▶ Try it: Write out the lines of the material below exactly, beginning at the line with "ソフトなタッチ感と軽量化にこ" and stopping after the line with "There is ample", and leave out the pictures.

▶ Task data:
----

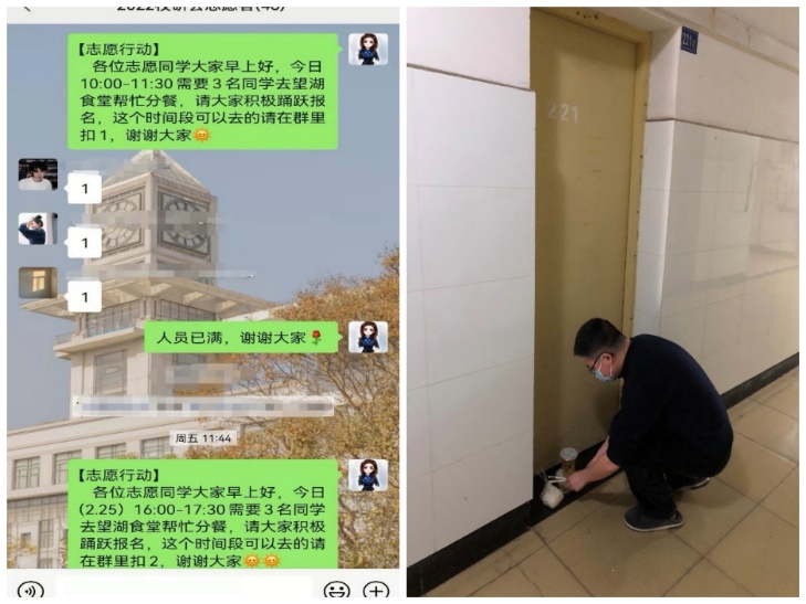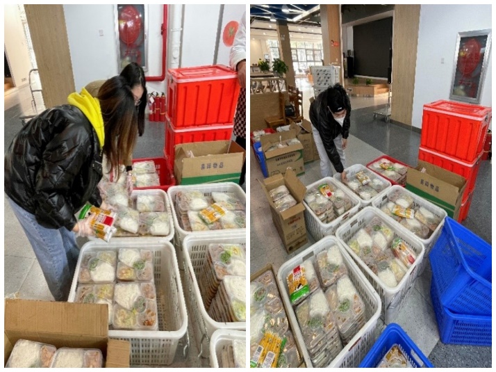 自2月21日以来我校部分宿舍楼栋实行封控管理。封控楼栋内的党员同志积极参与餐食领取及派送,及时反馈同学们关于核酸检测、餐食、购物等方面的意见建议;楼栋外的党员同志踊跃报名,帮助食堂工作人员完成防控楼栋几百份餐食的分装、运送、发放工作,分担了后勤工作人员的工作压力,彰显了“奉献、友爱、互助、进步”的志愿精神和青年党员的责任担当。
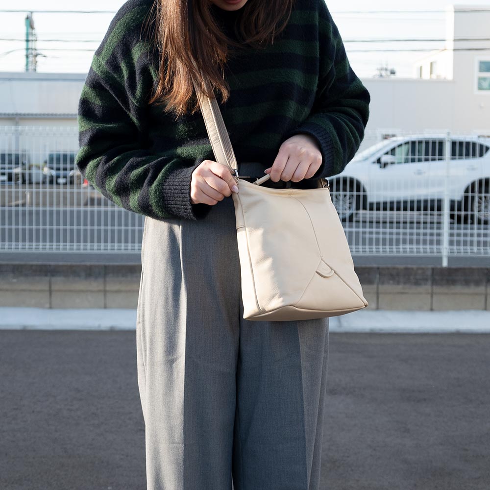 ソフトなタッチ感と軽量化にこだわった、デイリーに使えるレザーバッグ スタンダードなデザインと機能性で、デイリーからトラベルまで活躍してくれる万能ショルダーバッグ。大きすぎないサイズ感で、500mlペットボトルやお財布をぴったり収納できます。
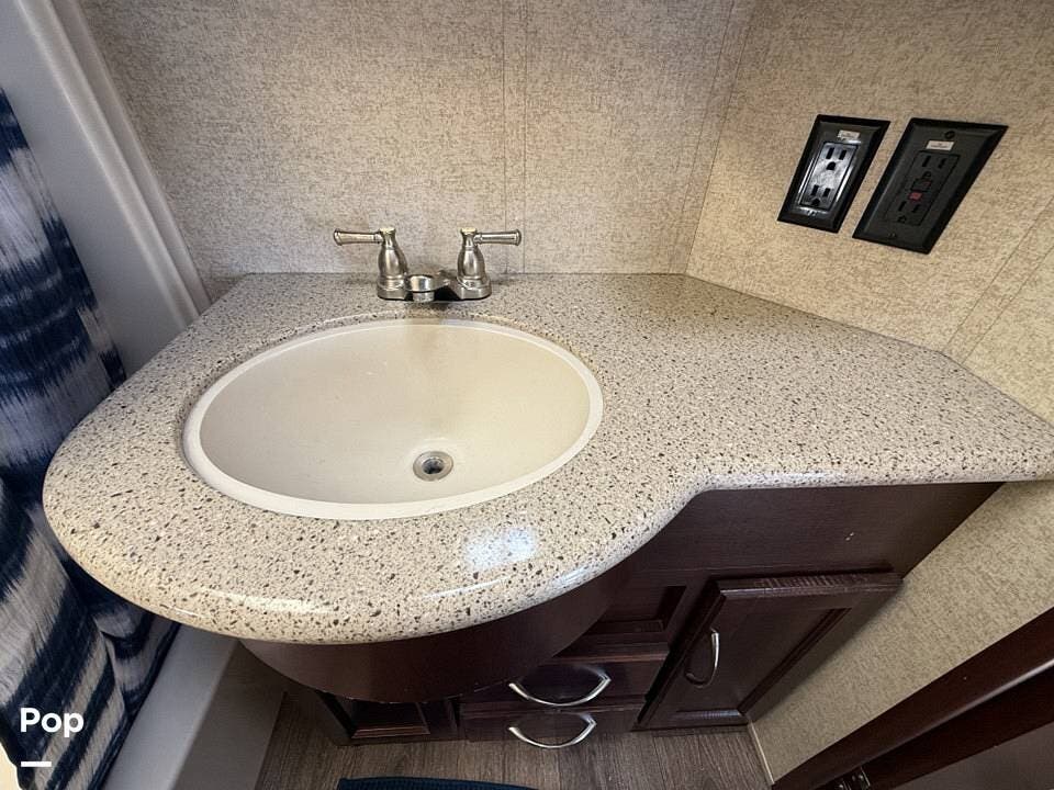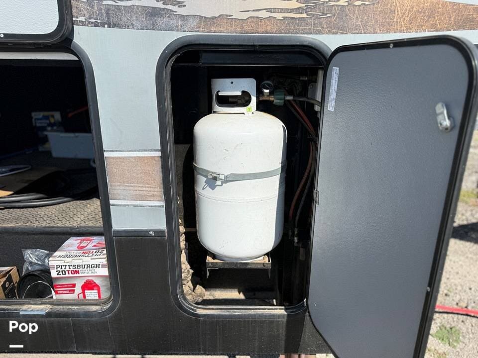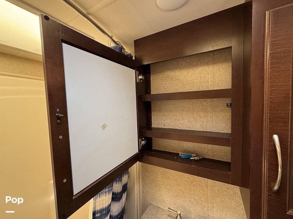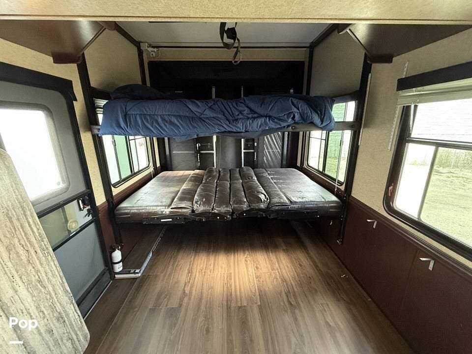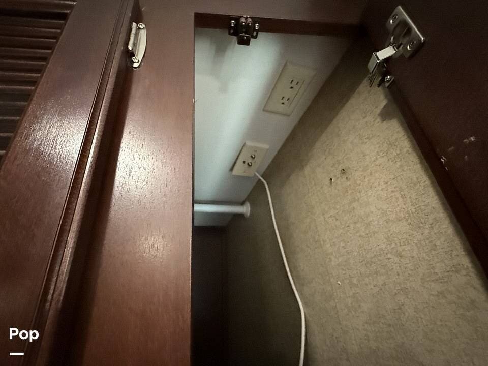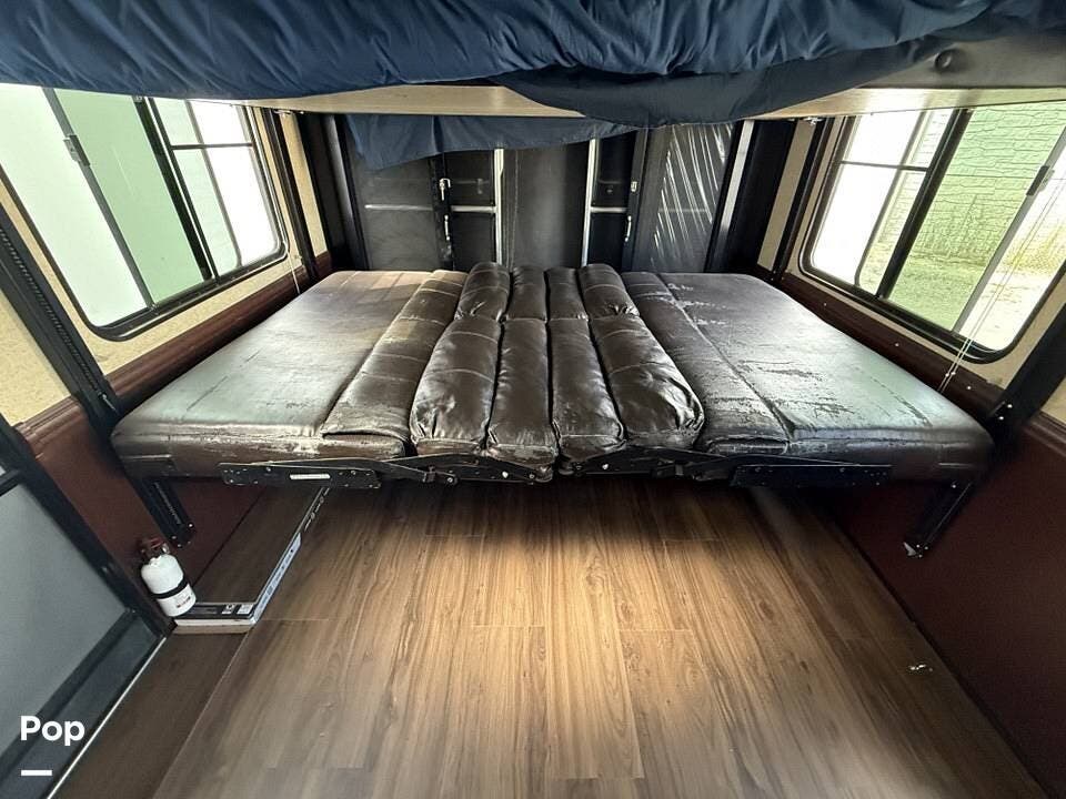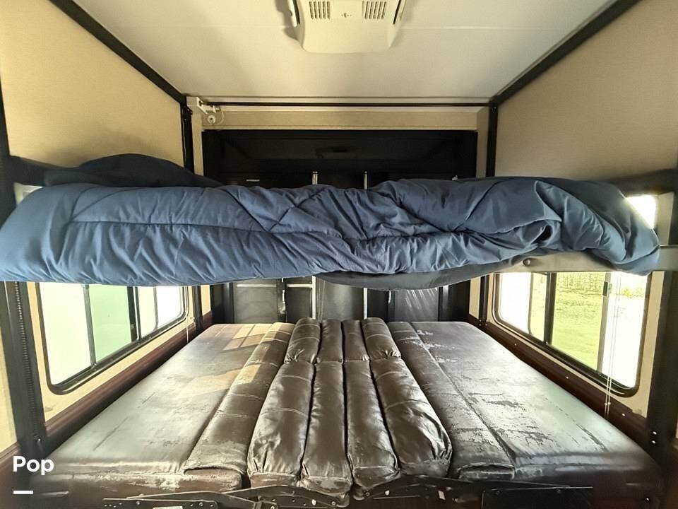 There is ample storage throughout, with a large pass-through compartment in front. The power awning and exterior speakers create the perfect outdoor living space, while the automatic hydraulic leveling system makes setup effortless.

----

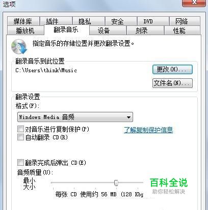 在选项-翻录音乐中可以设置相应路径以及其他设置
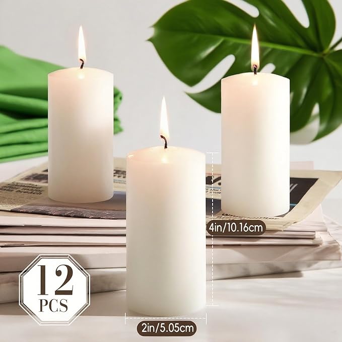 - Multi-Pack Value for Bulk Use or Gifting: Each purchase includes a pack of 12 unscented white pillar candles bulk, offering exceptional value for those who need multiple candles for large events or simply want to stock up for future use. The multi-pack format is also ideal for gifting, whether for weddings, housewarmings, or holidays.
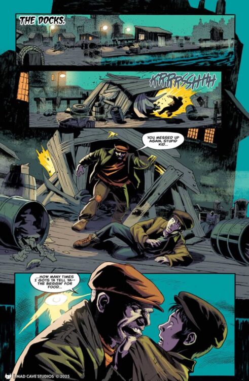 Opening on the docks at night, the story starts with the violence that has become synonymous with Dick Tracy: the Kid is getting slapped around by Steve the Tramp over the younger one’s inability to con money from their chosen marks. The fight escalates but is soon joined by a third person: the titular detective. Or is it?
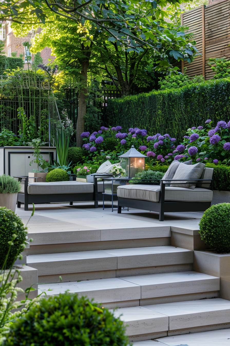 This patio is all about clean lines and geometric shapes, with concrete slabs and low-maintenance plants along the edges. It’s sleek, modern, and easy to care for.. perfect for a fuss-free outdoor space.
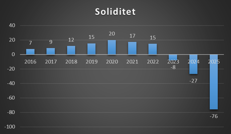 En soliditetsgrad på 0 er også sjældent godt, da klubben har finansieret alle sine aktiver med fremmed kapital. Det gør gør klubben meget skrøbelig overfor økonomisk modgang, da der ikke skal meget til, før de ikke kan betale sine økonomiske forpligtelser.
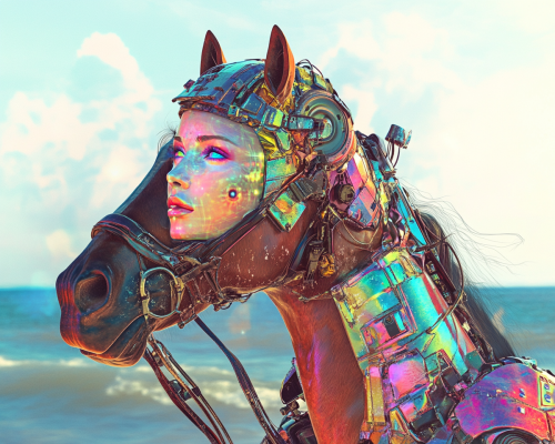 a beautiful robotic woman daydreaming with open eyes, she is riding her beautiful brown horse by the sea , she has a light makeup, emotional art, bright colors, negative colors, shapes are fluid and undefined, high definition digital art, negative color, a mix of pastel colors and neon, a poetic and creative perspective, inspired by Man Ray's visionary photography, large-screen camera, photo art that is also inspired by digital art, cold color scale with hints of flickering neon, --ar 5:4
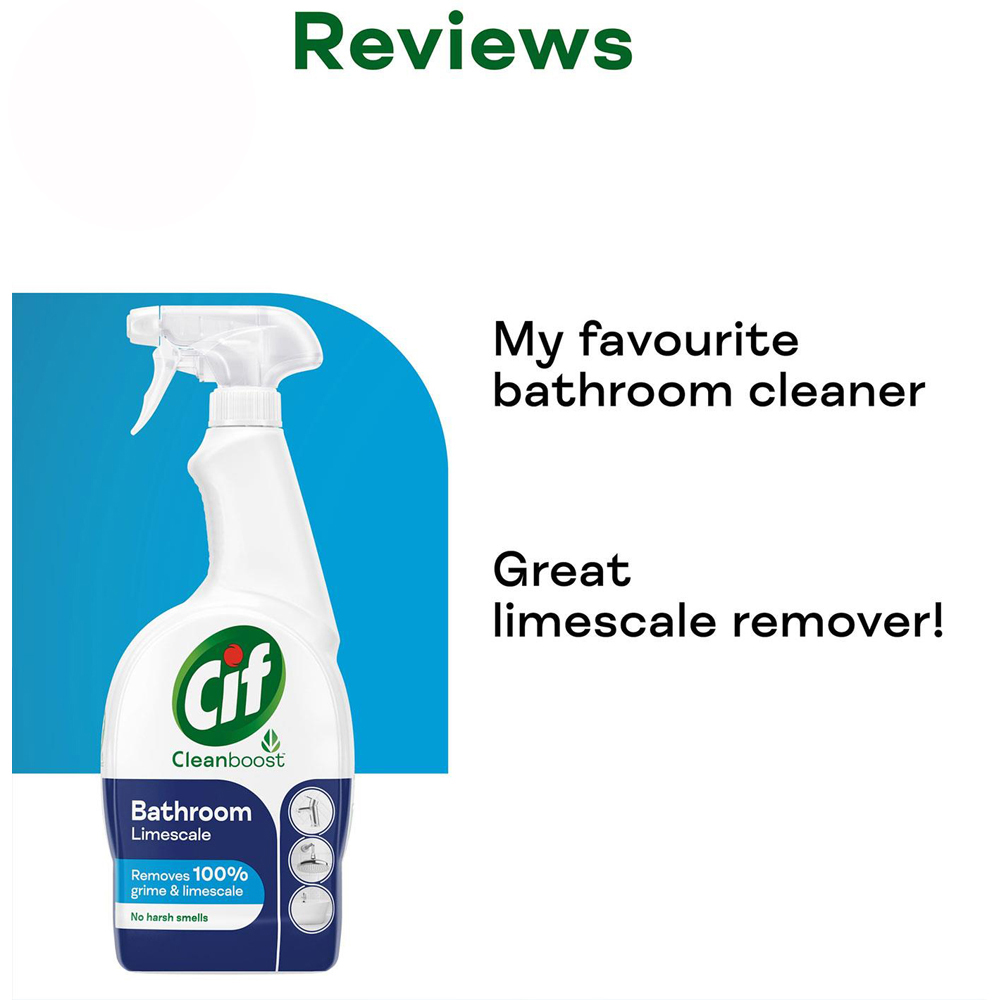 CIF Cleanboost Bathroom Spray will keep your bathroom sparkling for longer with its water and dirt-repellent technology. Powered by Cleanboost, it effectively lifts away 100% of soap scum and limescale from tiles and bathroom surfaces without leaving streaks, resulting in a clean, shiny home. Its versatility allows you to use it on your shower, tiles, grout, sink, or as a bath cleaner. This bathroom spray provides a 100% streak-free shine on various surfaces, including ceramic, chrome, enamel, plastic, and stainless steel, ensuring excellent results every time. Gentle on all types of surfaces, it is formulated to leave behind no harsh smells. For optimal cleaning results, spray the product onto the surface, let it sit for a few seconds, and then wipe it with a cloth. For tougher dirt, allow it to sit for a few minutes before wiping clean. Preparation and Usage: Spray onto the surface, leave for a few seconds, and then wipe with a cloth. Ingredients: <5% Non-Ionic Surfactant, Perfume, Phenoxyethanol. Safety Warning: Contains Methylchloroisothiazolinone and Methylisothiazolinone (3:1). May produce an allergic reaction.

----

▶ Task solution:
 ソフトなタッチ感と軽量化にこだわった、デイリーに使えるレザーバッグ スタンダードなデザインと機能性で、デイリーからトラベルまで活躍してくれる万能ショルダーバッグ。大きすぎないサイズ感で、500mlペットボトルやお財布をぴったり収納できます。
 There is ample storage throughout, with a large pass-through compartment in front. The power awning and exterior speakers create the perfect outdoor living space, while the automatic hydraulic leveling system makes setup effortless.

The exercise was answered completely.